**Your goal**
Everything in the listing below has to be repeated exactly, except the pictures.
── Material shown
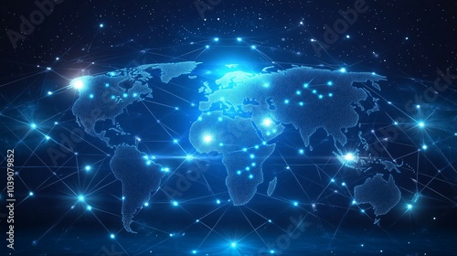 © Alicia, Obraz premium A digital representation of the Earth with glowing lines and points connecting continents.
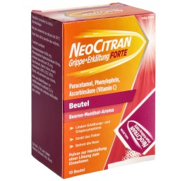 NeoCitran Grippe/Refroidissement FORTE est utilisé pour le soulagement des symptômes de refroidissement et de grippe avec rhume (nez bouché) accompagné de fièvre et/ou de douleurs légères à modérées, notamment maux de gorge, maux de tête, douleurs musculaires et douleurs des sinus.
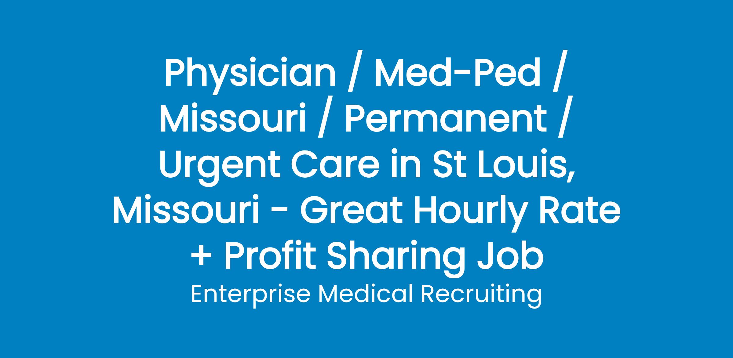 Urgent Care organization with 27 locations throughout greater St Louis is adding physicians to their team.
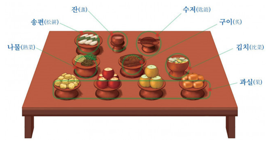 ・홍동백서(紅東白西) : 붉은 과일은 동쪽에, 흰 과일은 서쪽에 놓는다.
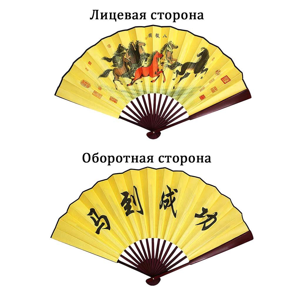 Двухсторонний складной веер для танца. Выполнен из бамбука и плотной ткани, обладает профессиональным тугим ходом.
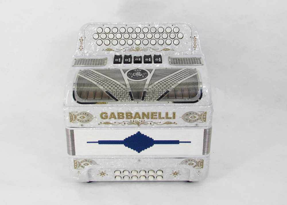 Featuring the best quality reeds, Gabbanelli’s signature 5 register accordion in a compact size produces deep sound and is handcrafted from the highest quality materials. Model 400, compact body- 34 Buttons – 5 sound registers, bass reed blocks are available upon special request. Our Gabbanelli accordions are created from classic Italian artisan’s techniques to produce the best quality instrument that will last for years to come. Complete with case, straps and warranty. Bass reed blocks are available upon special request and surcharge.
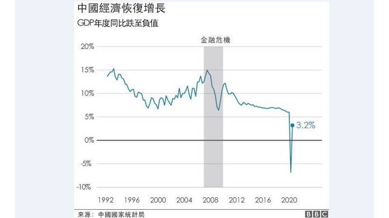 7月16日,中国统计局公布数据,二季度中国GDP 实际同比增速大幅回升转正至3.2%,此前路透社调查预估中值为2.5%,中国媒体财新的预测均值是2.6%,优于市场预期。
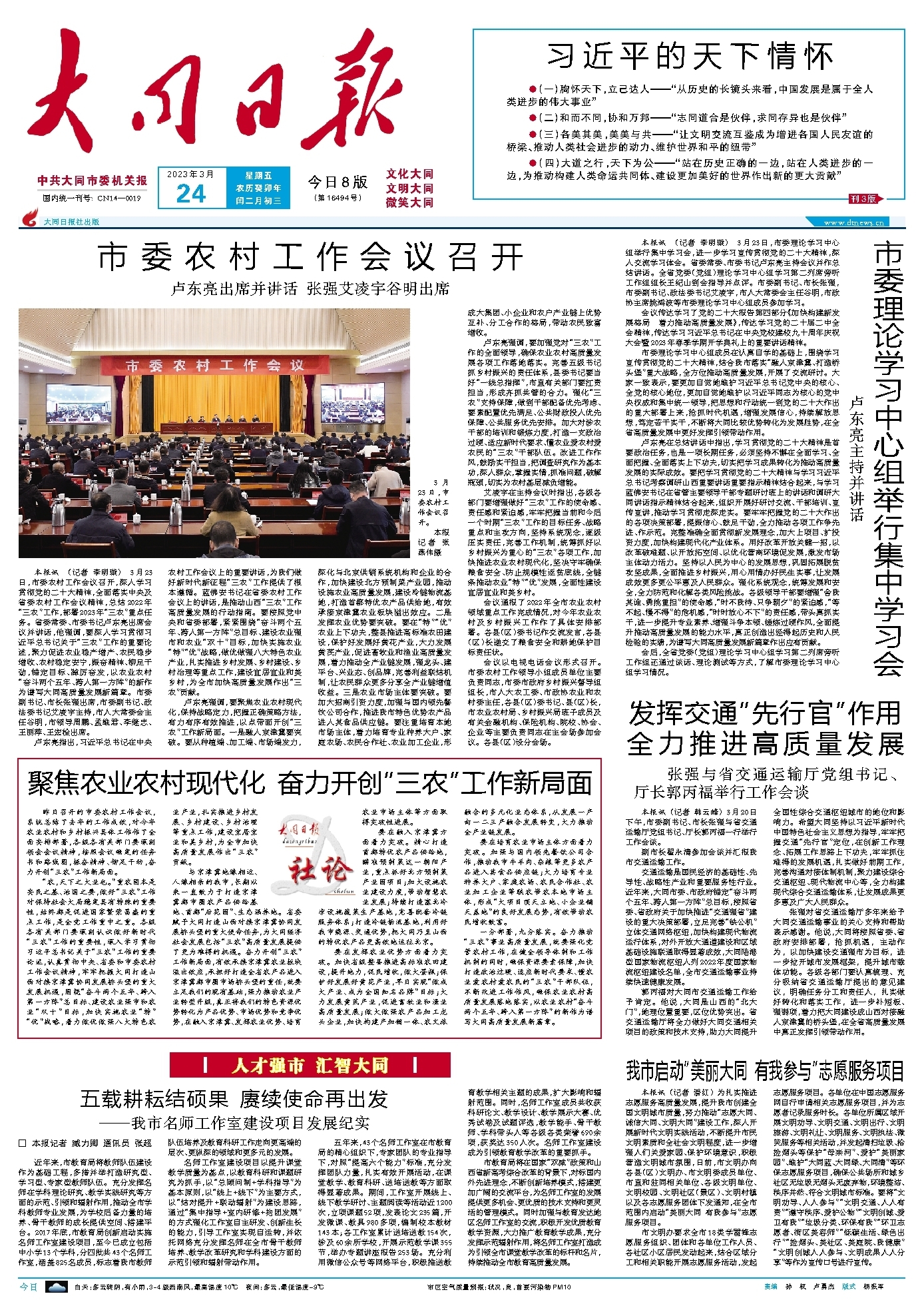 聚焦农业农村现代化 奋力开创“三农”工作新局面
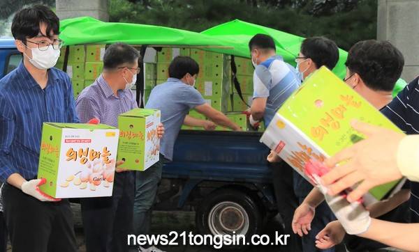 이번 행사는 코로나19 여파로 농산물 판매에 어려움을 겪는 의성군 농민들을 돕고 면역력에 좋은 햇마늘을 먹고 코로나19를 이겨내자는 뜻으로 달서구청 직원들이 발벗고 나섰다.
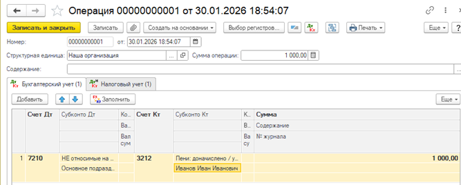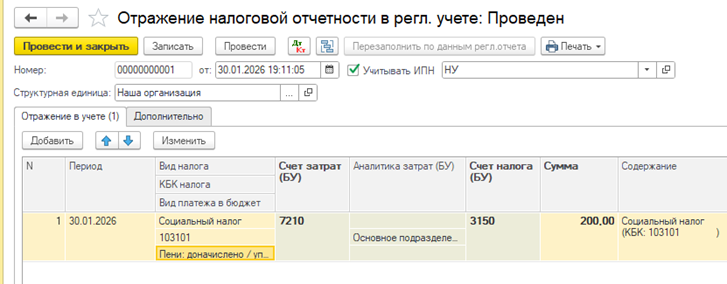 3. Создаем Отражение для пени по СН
────
**Solved exercise**
 © Alicia, Obraz premium A digital representation of the Earth with glowing lines and points connecting continents.
 NeoCitran Grippe/Refroidissement FORTE est utilisé pour le soulagement des symptômes de refroidissement et de grippe avec rhume (nez bouché) accompagné de fièvre et/ou de douleurs légères à modérées, notamment maux de gorge, maux de tête, douleurs musculaires et douleurs des sinus.
 Urgent Care organization with 27 locations throughout greater St Louis is adding physicians to their team.
 ・홍동백서(紅東白西) : 붉은 과일은 동쪽에, 흰 과일은 서쪽에 놓는다.
 Двухсторонний складной веер для танца. Выполнен из бамбука и плотной ткани, обладает профессиональным тугим ходом.
 Featuring the best quality reeds, Gabbanelli’s signature 5 register accordion in a compact size produces deep sound and is handcrafted from the highest quality materials. Model 400, compact body- 34 Buttons – 5 sound registers, bass reed blocks are available upon special request. Our Gabbanelli accordions are created from classic Italian artisan’s techniques to produce the best quality instrument that will last for years to come. Complete with case, straps and warranty. Bass reed blocks are available upon special request and surcharge.
 7月16日,中国统计局公布数据,二季度中国GDP 实际同比增速大幅回升转正至3.2%,此前路透社调查预估中值为2.5%,中国媒体财新的预测均值是2.6%,优于市场预期。
 聚焦农业农村现代化 奋力开创“三农”工作新局面
 이번 행사는 코로나19 여파로 농산물 판매에 어려움을 겪는 의성군 농민들을 돕고 면역력에 좋은 햇마늘을 먹고 코로나19를 이겨내자는 뜻으로 달서구청 직원들이 발벗고 나섰다.
 3. Создаем Отражение для пени по СН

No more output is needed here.